Laughlin, Frumberg, Blodgett & Russell for respondents.

(1) An appraiser or arbitrator is not the agent or representative of the party appointing him, but must be impartial and disinterested as between the parties. Hyeronimus v. Allen, 52 Mo. 105; Strong v. Strong, 9 Cush. 500; Scholz v. Mills, 176 Mo.App. 375; Christianson v. Norwich Ins. Soc., 85 Minn. 526; Knox-Burchard Merc. Co. v. Ins. Co., 129 Minn. 292; Bradshaw v. Insurance Co., 137 N.Y. 137. (2) An agent or employee of a party to the appraisement or arbitration proceeding is incompetent, as a matter of law, to act as appraiser or arbitrator in such proceeding, and an award made by a board of which he is a member is void, as a matter of law, and regardless of any showing that such member acted unfairly or partially. Goodwin v. Insurance Co., 118 Iowa 601; Pool v. Hennessy, 39 Iowa 192; Schoenich v. Insurance Co., 109 Minn. 388; Western Assur. Co. v. Hall, 143 Ala. 168; Railway Conductors' Assn. v. Robinson, 147 Ill. 159; Vineberg v. Assn. Co., 19 Ont. App. 293; Produce Refrigerating Co. v. Ins. Soc., 91 Minn. 210; Sweet v. Morrison, 116 N.Y. 19. (3) An ex parte examination of the damaged property by one of the appraisers indicates partiality and is sufficient ground for setting aside the award. Conrad v. Massasoit Ins. Co., 4 Allen, 20; Christianson v. Fire Ins. Soc., 85 Minn. 526; Knox-Burchard Merc.
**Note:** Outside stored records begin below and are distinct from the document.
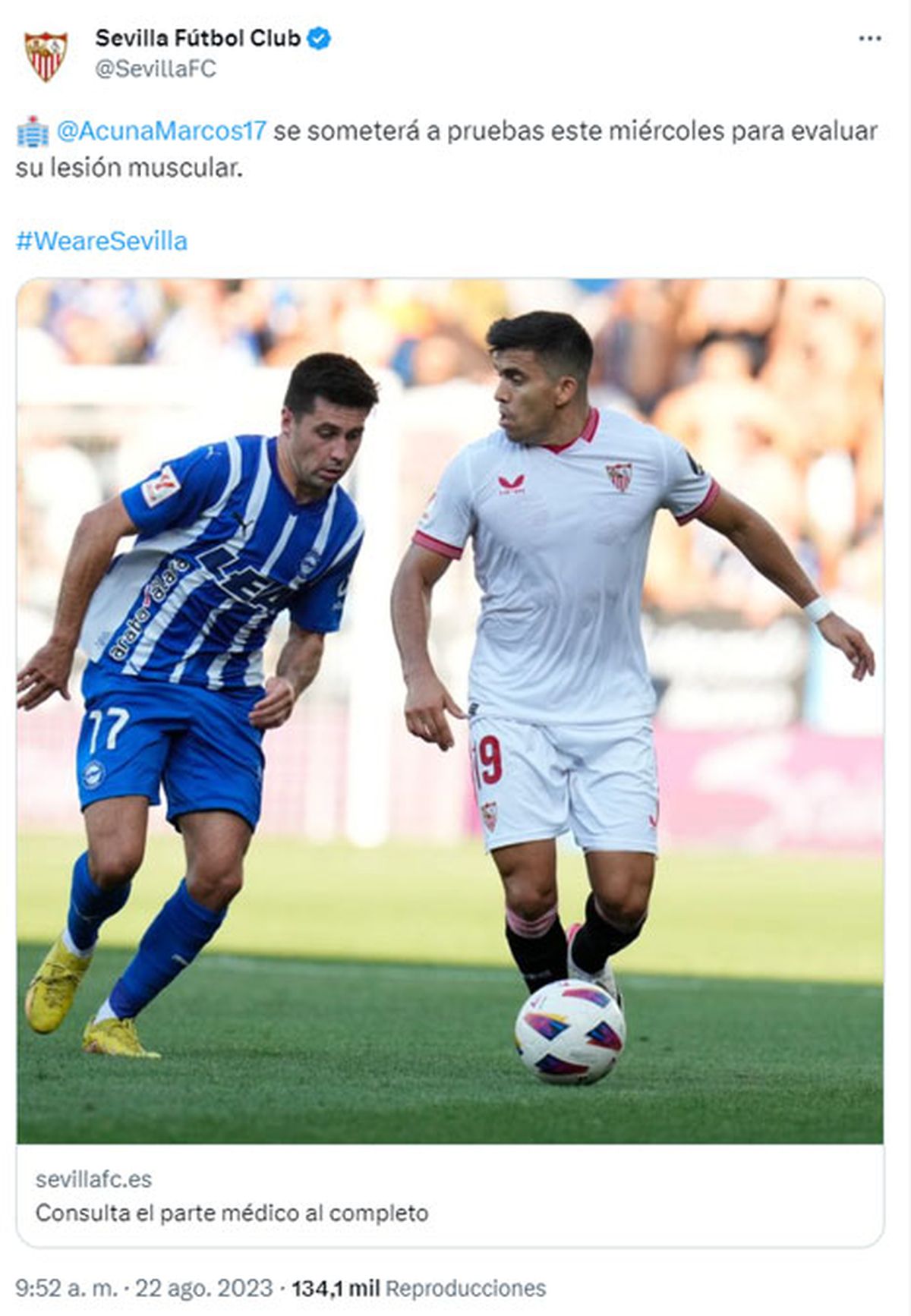 El Huevo Acuña fue titular el lunes en la derrota de Sevilla ante Alavés por LaLiga española, pero fue reemplazado en el entretiempo.
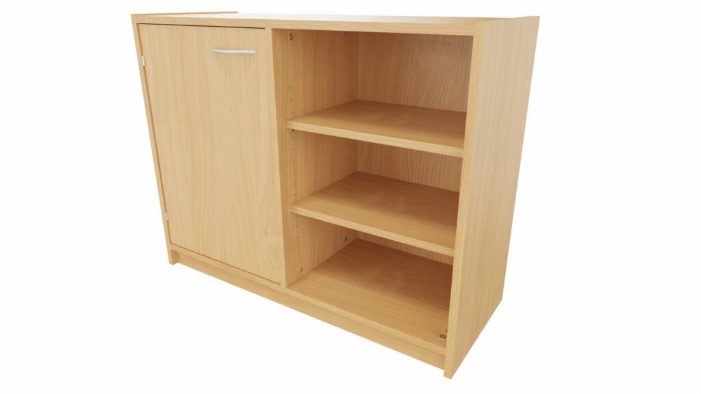 Erhöhen Sie die Flexibilität und Ordnung in Ihrer Einrichtung mit dem Korpus-Classic Unterschrank, ausgestattet mit einer Tür und einem Regal, jeweils mit 2 Einlegeböden. Dieser vielseitige und robuste Unterschrank ist die perfekte Lösung für Kindergärten und Grundschulen, um Lernmaterialien, Bastelutensilien und persönliche Gegenstände ordentlich und leicht zugänglich zu verstauen.
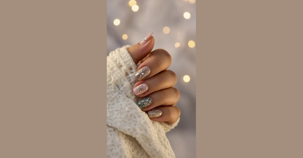 And can we talk about those incredible details? Each nail is like its own tiny winter wonderland, from the delicate silver snowflakes dancing on the pink background to the sparkly green design that looks like it could be a fancy festive wreath. You’ll be unwrapping presents or holding hands for carols with the most stylish digits in town. These nails aren’t just a fashion statement; they’re basically a tiny holiday party happening right on your hand, making sure you’re always feeling extra festive and fabulous!
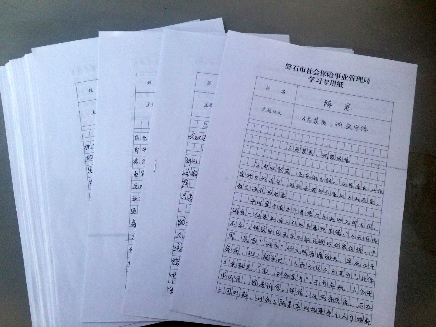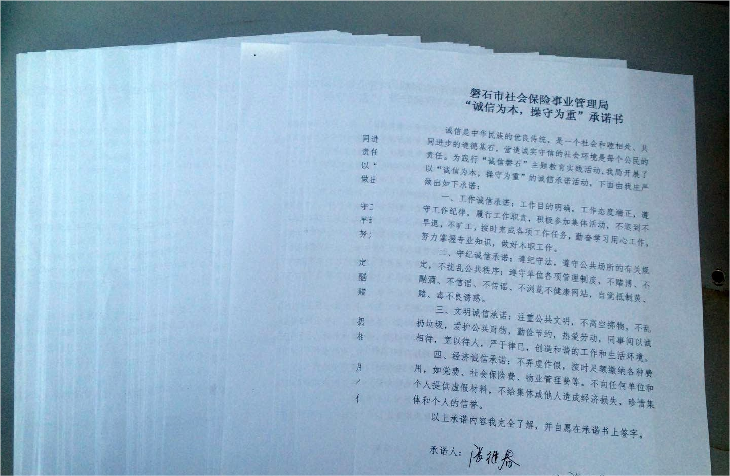 在磐石市社保局全局范围开展“以诚信求发展 以发展励诚信”主题讨论,并通过撰写心得体会、征文,签订《诚信承诺书》等活动引导干部职工立足岗位践行诚信规范,培育和弘扬诚信文化,树立诚信意识,做诚信党员干部。
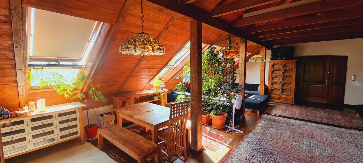 Cozy loft/ attic floor with 100m2 space where 4-6 people can stay. Decorated to be both comfortable and aesthetic. There is a bedroom with a double bed, a small space with twin beds, and a huge salon with two comfortable couches and a small bed. An antique indonesian coffee table can double as a work area. wi-fi is available. there is also a large terrace where you can get fresh air on sunnier and warmer days. we also provide a beachvolleyball court in our backyard for those who wish to play

Co. v. Fire Ins. Co., 129 Minn. 292. The continuous or frequent employment of the same person as appraiser or arbitrator may be sufficient to warrant a court in holding as a matter of fact that such person was not an impartial and disinterested appraiser. Bradshaw v. Insurance Co., 137 N.Y. 137.

Laughlin, Frumberg, Blodgett & Russell for respondents in Court en Banc.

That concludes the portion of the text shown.